男子扫过崇拜地看着他的男孩与穿着女装、头戴黑丝的壮汉,脑袋懵懵的:

  他是谁?他在哪?他在干什么?

  焦急地看着呆愣愣的男子,肖炎抢过他手里的刀扔在地上。

  在男子震惊的目光中,肖炎在他身上摸索番。

  一条丝袜都没有!

  肖炎气得瞪大了眼睛:“丝袜呢?你不会是卖光了吧!”

  “你是不是瞧不起我?”

  肖炎把手中的粉红币砸到男子的头上。

  粉红色的钱币洋洋洒洒地飞舞在空中。

  斗大的拳头穿过粉红的钱币砸向男子的面门。

  男子面目扭曲,血沫与牙齿飞出。

  见到自己的爸爸被打,张不大扑向肖炎,张嘴狠狠咬住肖炎的大腿。

  “嗷!”

  肖炎痛呼,但拳头没有停。

  重拳一下下砸在男子身上,男子毫无反抗之力。

  张不大急了!

  他好不容易找到的爸爸就要被打死了!

  红着眼眶,张不大面容狰狞,嘴角扬起丝丝冷笑。

  “不好!张不大要狂暴了!”

  躲在家中看戏的盛河瞳孔猛缩,张不大曾经做过的事自动浮现在他的眼前。

  “都给我停手!”

  打开门,盛河吼叫出声。

  扭打在一起的两个的人与一直挨打毫无反抗力的男子全部看向盛河。

  “大哥,救救我,我是好人。

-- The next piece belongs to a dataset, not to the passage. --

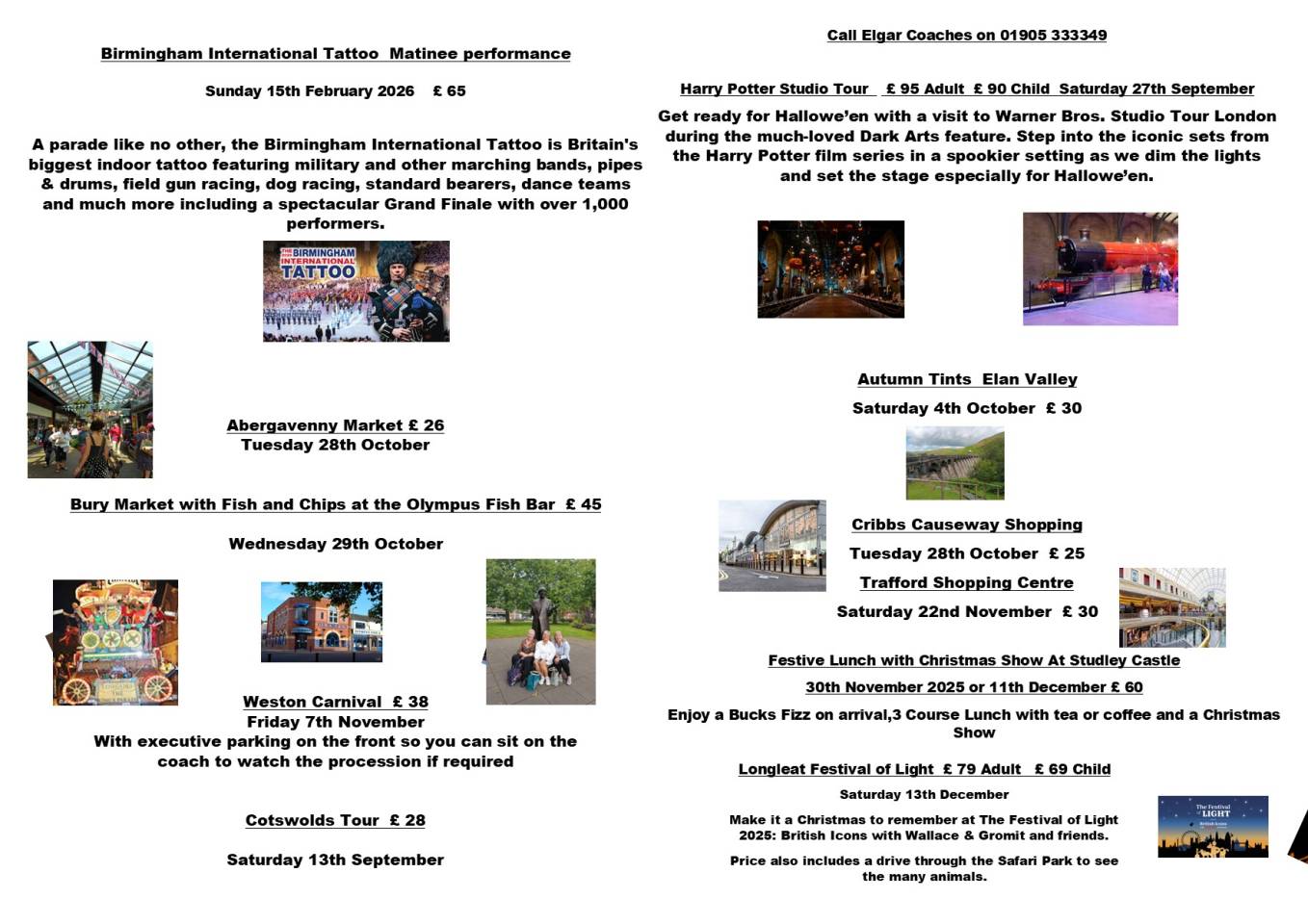 Robert Higgitt1 April 2024 Would just like to say we went on the tour of Coronation Street on Easter Sunday we had a fabulous day and the driver (Josh) was brilliant really polite & helpful and on time on all pickups and stops of for service stations etc Jill Pitt31 October 2023 Mark was first class whole weekend wonderful Mark Bartholomew29 August 2023 Excellent day. Day off from work. Great 👍 decision. Will definitely be having more fun. Thank you 😊 💓. Great day. Richard Underwood23 August 2023 Hi, we used Elgar coaches for a trip to Bury and then a fish and chip supper. What a brilliant experience from the time it was booked so the time we left the coach staff were brilliant driver exceptional very reasonably priced will use them again. Thank you Alison Vernalls2 April 2023 Brilliant day out at the Harry Potter studios. Very helpful and friendly driver. Becky Brill29 December 2022 Have used this company a couple of times fir trips to the seaside with my kids, will be using them again shortly and can't wait! Staff are always friendly from booking to drivers, prices are fantastic, makes taking the kids for a day trip so much easier and less stressful 😀 Marina Rowley6 December 2022 Went on the Kew garden trip overnight in London it was brilliant we were well looked after, definitely recommend elgar coaches Harleigh Kamal29 May 2022 A overall friendly and approachable team members.Google rating score: 4.5 of 5, based on 18 reviews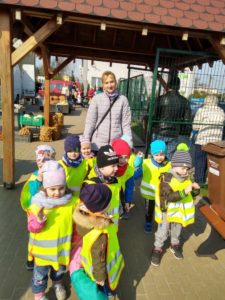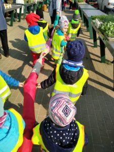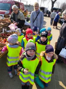 W kwietniu b.r. w grupie Jagódki zrealizowano m.in. zagadnienia związane z ekologią i zdrowym stylem życia. W ramach realizowanej tematyki 05.04. przedszkolaki wybrały się na targowisko miejskie. Dzieciom podobały się barwne stragany, chętnie zakupiły owoce i warzywa na przedszkolny podwieczorek. Przedszkolaki dowiedziały się także od miejscowych sprzedawców, czym jest ekologiczna żywność i jak nie pomylić jej z żywnością wyprodukowaną na skalę masową z użyciem nawozów.

”男子努力睁着肿涨的眼睛向盛河求救。

  冷哼了声,盛河低头看向张不大

  张不大目光阴沉看向盛河。

  盛河早有准备,摸出一根原味棒棒糖在张不大的眼前晃了晃。

  阴沉的目光瞬间泛起绿光。

  口水泛滥。

  张不大不断咽着口水。

  视线从张不大的身上转到肖炎的脸上,黑色的丝袜把他堆满肥肉的脸勒成了米其林轮胎。

  盛河的眼睛都要被他辣瞎了。

  果真细看是种折磨!

  移开视线,盛河说道:“你把他绑到我的屋子,我给你丝袜。”

  听见有丝袜,肖炎一手拎起快被打废的男子,笑眯眯地看向盛河。

  “你拿棒棒糖诱惑我!”

  张不大的视线猛地从棒棒糖上移开,阴沉地看向盛河。

  盛河把手中的棒棒糖举到张不大的眼前。

  张不大的眼神渐渐开始迷离:嘴里念叨:“不,不,我的爸爸”

  “爸爸!”

  喃喃道“爸爸”两个字,张不大眼神清明起来。

  无奈地看着阴沉的张不大,盛河叹口气:“张不大,哥哥是要好好问问你爸爸,你的妈妈去哪了?你难道不想要一家人整整齐齐的吗?”

  “一家人整整齐齐......”

  “整整齐齐......”

  张不大低声的重复着,眼中的亮光越来越大。

  “快!拎着我爸进去。”

  被压在地上的男子直接傻眼了,这个便宜儿子就这样妥协了?

  ······

  室内。

  黑衣男子被绑在椅子上。

  在他的对面坐着张不大,盛河手拿着洗涤剂缓缓倒入杯子,兴奋地看着黑衣男子。

  肖炎盘腿坐在地板上,握着大红色的丝袜,幸福的笑着。

  肿胀的眼睛扫过房间内的其他三个人,黑衣男子心忐忑不安,比用一把刀架在他的脖子上还恐惧。

  “啪嗒!”

  一束光从昏暗的房间亮起,光束直直的照在黑衣男子身上。

  张不大拿着手电筒,笑嘻嘻地盯着黑衣男子:“爸爸,我的妈妈呢?”

  黑衣男子左右看看,又看向天真的张不大,心道:不能点头,点头他从哪里给这个男孩找个妈,还是先忽悠住他们,脱身的好:

  “我没有儿子,我还是一个单身狗,你们放了我好不好?”男子可怜兮兮地看着张不大。

  “爸爸!”张不大孺慕地看向黑衣男子。

  看着眼前可可爱爱的男孩,黑衣男子警惕心降低,下意识回了句:“我没有儿子,小朋友认错人了。”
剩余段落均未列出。